### Task instructions
I'd like the listing below copied exactly, with the images left out.

---- Exercise data

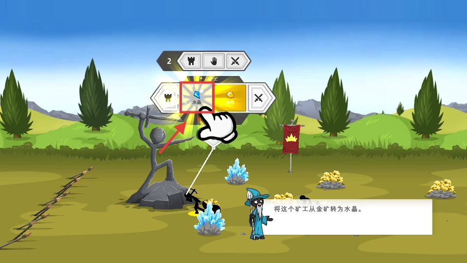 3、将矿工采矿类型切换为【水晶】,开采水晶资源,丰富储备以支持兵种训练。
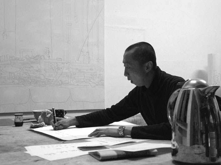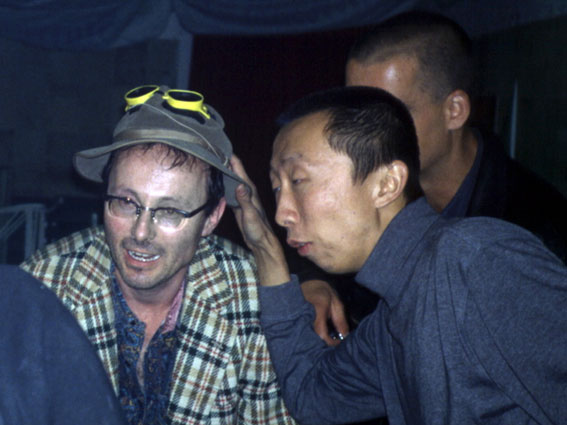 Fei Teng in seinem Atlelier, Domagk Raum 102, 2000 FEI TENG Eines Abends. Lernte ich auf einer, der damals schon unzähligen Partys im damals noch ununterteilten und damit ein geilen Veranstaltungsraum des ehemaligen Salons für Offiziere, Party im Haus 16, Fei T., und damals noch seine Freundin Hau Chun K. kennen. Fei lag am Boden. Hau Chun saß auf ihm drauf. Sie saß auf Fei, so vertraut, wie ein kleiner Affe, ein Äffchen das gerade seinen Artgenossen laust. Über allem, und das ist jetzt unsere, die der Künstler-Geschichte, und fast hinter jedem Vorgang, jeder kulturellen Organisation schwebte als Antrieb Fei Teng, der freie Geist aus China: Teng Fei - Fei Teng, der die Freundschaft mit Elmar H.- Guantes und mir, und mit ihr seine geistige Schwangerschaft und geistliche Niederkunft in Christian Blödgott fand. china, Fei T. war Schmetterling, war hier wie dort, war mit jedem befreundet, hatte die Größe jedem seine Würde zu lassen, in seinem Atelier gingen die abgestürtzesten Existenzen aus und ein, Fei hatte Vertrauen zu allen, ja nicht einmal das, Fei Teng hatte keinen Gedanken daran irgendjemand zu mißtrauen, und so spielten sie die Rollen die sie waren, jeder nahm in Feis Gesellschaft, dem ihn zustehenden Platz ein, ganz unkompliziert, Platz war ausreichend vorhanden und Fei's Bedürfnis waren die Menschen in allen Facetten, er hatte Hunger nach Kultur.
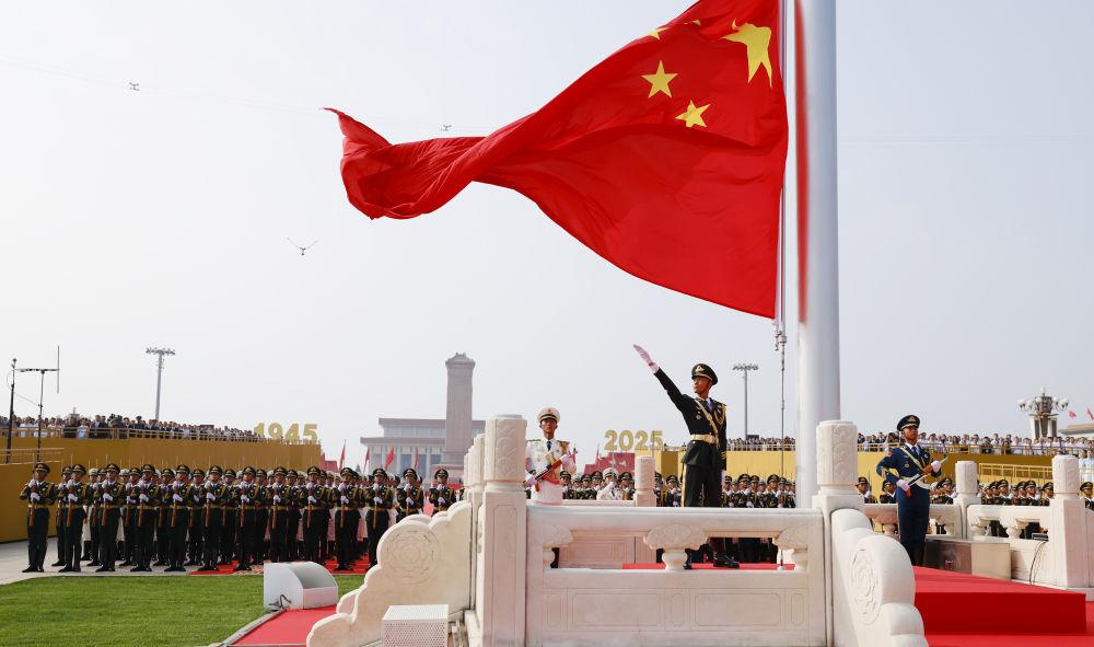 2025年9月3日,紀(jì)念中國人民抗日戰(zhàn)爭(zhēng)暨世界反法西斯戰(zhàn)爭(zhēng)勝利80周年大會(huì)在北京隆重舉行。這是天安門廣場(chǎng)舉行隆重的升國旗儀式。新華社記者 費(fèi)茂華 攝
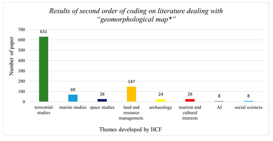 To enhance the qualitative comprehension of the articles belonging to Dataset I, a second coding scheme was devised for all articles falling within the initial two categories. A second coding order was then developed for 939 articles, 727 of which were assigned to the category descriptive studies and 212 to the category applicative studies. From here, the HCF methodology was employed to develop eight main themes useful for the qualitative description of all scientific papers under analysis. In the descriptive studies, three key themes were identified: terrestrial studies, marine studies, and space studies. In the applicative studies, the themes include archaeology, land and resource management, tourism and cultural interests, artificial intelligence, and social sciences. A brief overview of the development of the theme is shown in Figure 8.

--------

### Solution for this task
 3、将矿工采矿类型切换为【水晶】,开采水晶资源,丰富储备以支持兵种训练。
 Fei Teng in seinem Atlelier, Domagk Raum 102, 2000 FEI TENG Eines Abends. Lernte ich auf einer, der damals schon unzähligen Partys im damals noch ununterteilten und damit ein geilen Veranstaltungsraum des ehemaligen Salons für Offiziere, Party im Haus 16, Fei T., und damals noch seine Freundin Hau Chun K. kennen. Fei lag am Boden. Hau Chun saß auf ihm drauf. Sie saß auf Fei, so vertraut, wie ein kleiner Affe, ein Äffchen das gerade seinen Artgenossen laust. Über allem, und das ist jetzt unsere, die der Künstler-Geschichte, und fast hinter jedem Vorgang, jeder kulturellen Organisation schwebte als Antrieb Fei Teng, der freie Geist aus China: Teng Fei - Fei Teng, der die Freundschaft mit Elmar H.- Guantes und mir, und mit ihr seine geistige Schwangerschaft und geistliche Niederkunft in Christian Blödgott fand. china, Fei T. war Schmetterling, war hier wie dort, war mit jedem befreundet, hatte die Größe jedem seine Würde zu lassen, in seinem Atelier gingen die abgestürtzesten Existenzen aus und ein, Fei hatte Vertrauen zu allen, ja nicht einmal das, Fei Teng hatte keinen Gedanken daran irgendjemand zu mißtrauen, und so spielten sie die Rollen die sie waren, jeder nahm in Feis Gesellschaft, dem ihn zustehenden Platz ein, ganz unkompliziert, Platz war ausreichend vorhanden und Fei's Bedürfnis waren die Menschen in allen Facetten, er hatte Hunger nach Kultur.
 2025年9月3日,紀(jì)念中國人民抗日戰(zhàn)爭(zhēng)暨世界反法西斯戰(zhàn)爭(zhēng)勝利80周年大會(huì)在北京隆重舉行。這是天安門廣場(chǎng)舉行隆重的升國旗儀式。新華社記者 費(fèi)茂華 攝
 To enhance the qualitative comprehension of the articles belonging to Dataset I, a second coding scheme was devised for all articles falling within the initial two categories. A second coding order was then developed for 939 articles, 727 of which were assigned to the category descriptive studies and 212 to the category applicative studies. From here, the HCF methodology was employed to develop eight main themes useful for the qualitative description of all scientific papers under analysis. In the descriptive studies, three key themes were identified: terrestrial studies, marine studies, and space studies. In the applicative studies, the themes include archaeology, land and resource management, tourism and cultural interests, artificial intelligence, and social sciences. A brief overview of the development of the theme is shown in Figure 8.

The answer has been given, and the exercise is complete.